— Ну, так ты, как кончишь это, пожалуйста, сделай, что я тебя просил, — уже кротко говорил хозяин.
— Это можно, — так же кротко отзывался Митрофан.
— Ты хоть не очень, а так только, чтобы держалось как-нибудь, — прибавлял барин еще более кротко, точно заглаживая свою вину.
— Что ж там «как-нибудь», мы уж как следует сделаем, — отвечал Митрофан, — там надо винтами хорошими прихватить или костыли в кузнице заказать, я ужотко пойду в кузницу и облажу это.
— Да можно и не сегодня, — замечал Митенька, вынужденный кротостью Митрофана идти еще на большие уступки. — Ты уж только дверь поправь, а больше ничего не надо.
— Можно и дверь, заодно делать-то; разве тут что мудреное? — говорил Митрофан, и они расходились с чувством размягченного дружелюбия друг к другу.
— А коли дело не к спеху, так можно и завтра сделать, на зорьке встану, — в лучшем виде будет, — говорил Митрофан уже сам с собой по уходе хозяина.
Ничего так не выбивало из колеи Митрофана, как срочность выполнения. Его нельзя было заподозрить в лености, если принять в соображение его постоянную занятость на дворе, вставание до солнца.
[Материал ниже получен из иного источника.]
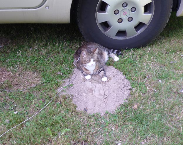 Underlaget på campingen är gräs, men är man katt går det bra att välja en jordhög att ligga i också.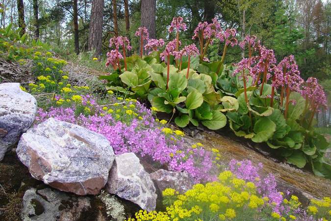 Цветки бадана колокольчатые, собранные в кисти, возвышаются над листьями ранней весной и создают в саду красивое зрелище. Баданы декоративны круглый год, быстро разрастаются и практически не требует к себе никакого ухода.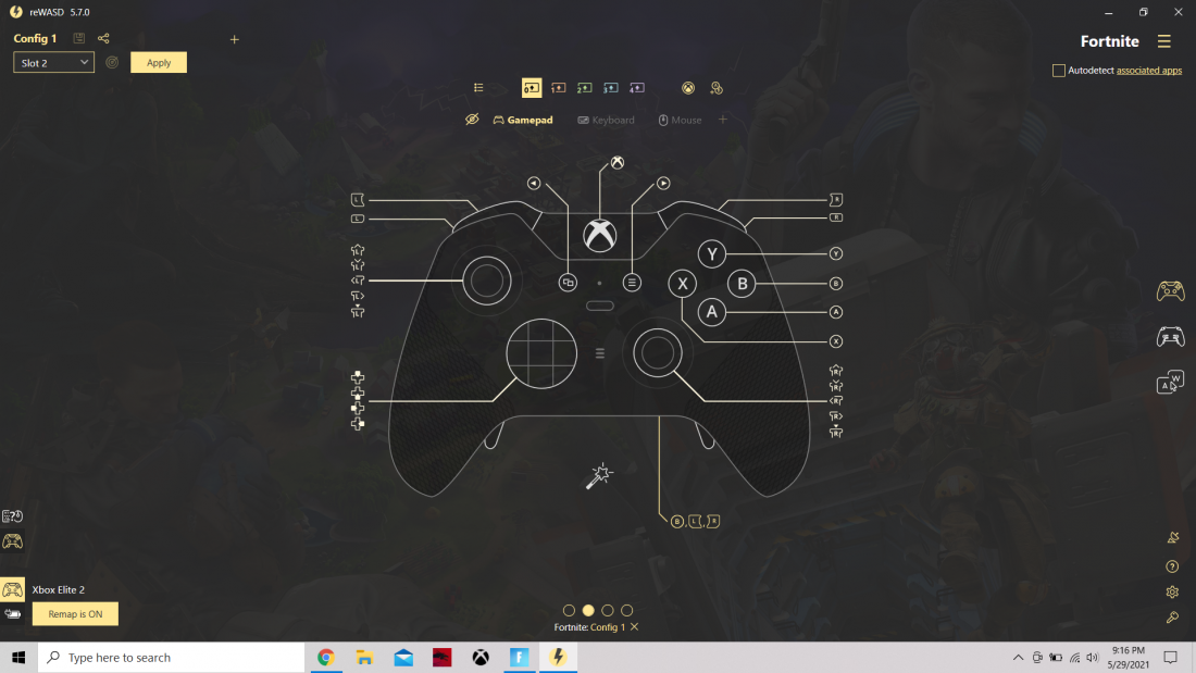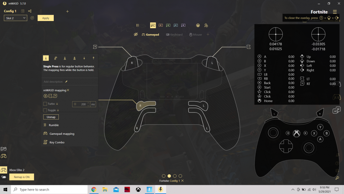 So I just got the reWASD so I can remap the paddles on my elite 2 controller. I used the paddles with default settings and the customized via the Xbox accessories app with no issue. Set it all back to default in the accessories app and unmapped the paddles. I have setup a config in reWASD and applied it to slot 2, I setup for only 1 paddle just to test it out, its not working, in fact when I show the overlay, the paddles aren't even shown on the overlay(don't know if this is normal or not) however while in the application and I press the paddle, it displays the configuration for that paddle so the button input is working. Can someone please help me out, I dont know if I am doing something wrong or if there is an issue. I have included some screenshots, thanks

Он даже после обеда боялся долго проспать. Но, если ему давали какое-нибудь дело, с непременным условием, чтобы он окончил его к определенному сроку, Митрофан начинал испытывать настоящие мучения, даже худел. И если он сам ставил себе срок (к чему вообще питал отвращение), то всегда исполнял двумя днями или неделями позднее срока, в зависимости от величины дела.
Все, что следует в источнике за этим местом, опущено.